**What you are asked to do**
Using the entries below, copy exactly each line from the line with "Šokolādes krāsas trikotāžas" up to and including the line with "板桥镇秋山村七组滑坡区及受威胁农户分布影像图", with every picture left out.

**Data**
◆ ◆ ◆ ◆ ◆ ◆ ◆
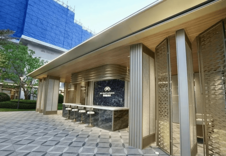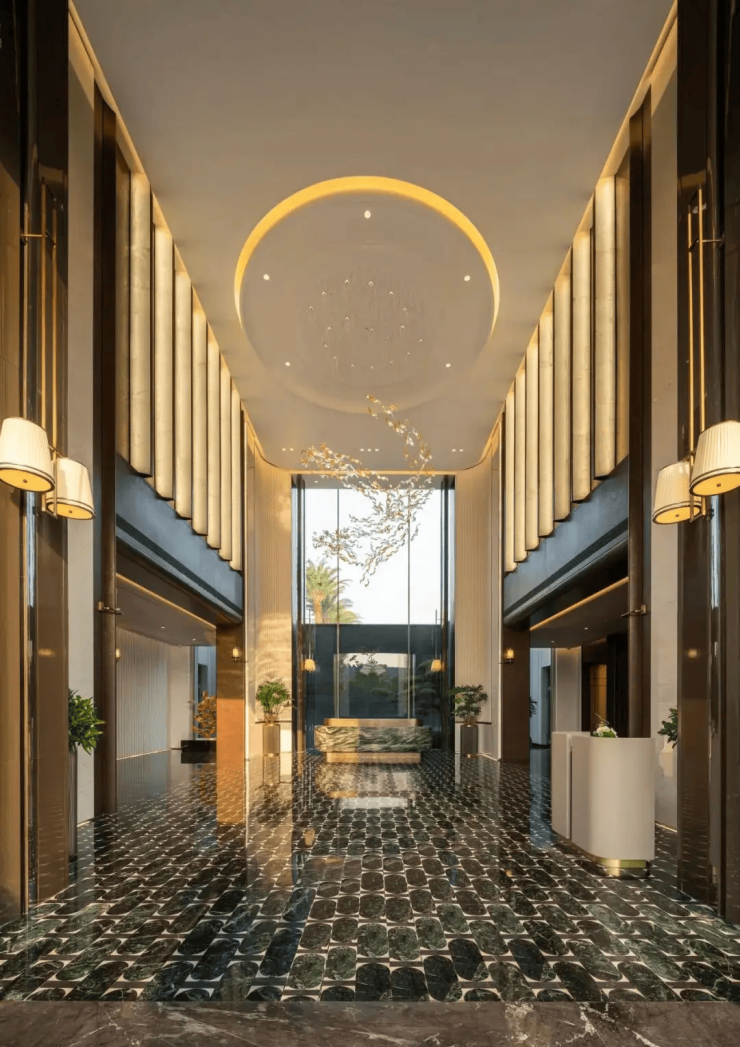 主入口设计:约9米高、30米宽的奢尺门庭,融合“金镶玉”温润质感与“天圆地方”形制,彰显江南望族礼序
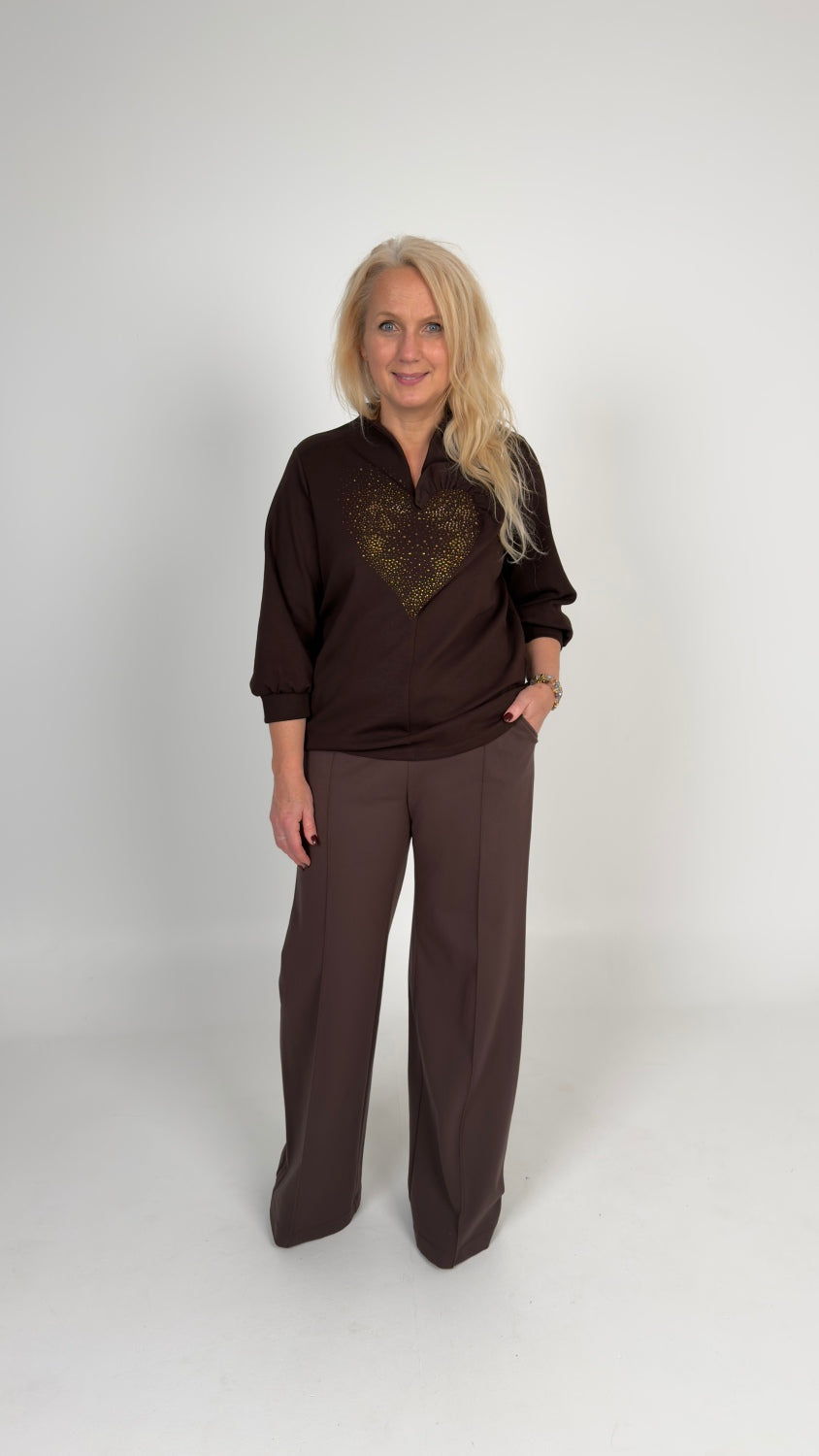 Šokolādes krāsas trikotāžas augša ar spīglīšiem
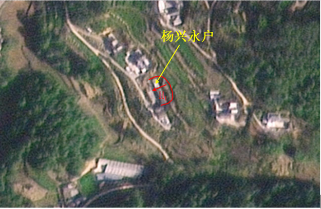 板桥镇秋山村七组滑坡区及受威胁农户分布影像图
◆ ◆ ◆ ◆ ◆ ◆ ◆
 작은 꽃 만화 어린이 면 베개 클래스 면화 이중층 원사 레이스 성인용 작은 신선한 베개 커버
◆ ◆ ◆ ◆ ◆ ◆ ◆
**Exercise output**
 Šokolādes krāsas trikotāžas augša ar spīglīšiem
 板桥镇秋山村七组滑坡区及受威胁农户分布影像图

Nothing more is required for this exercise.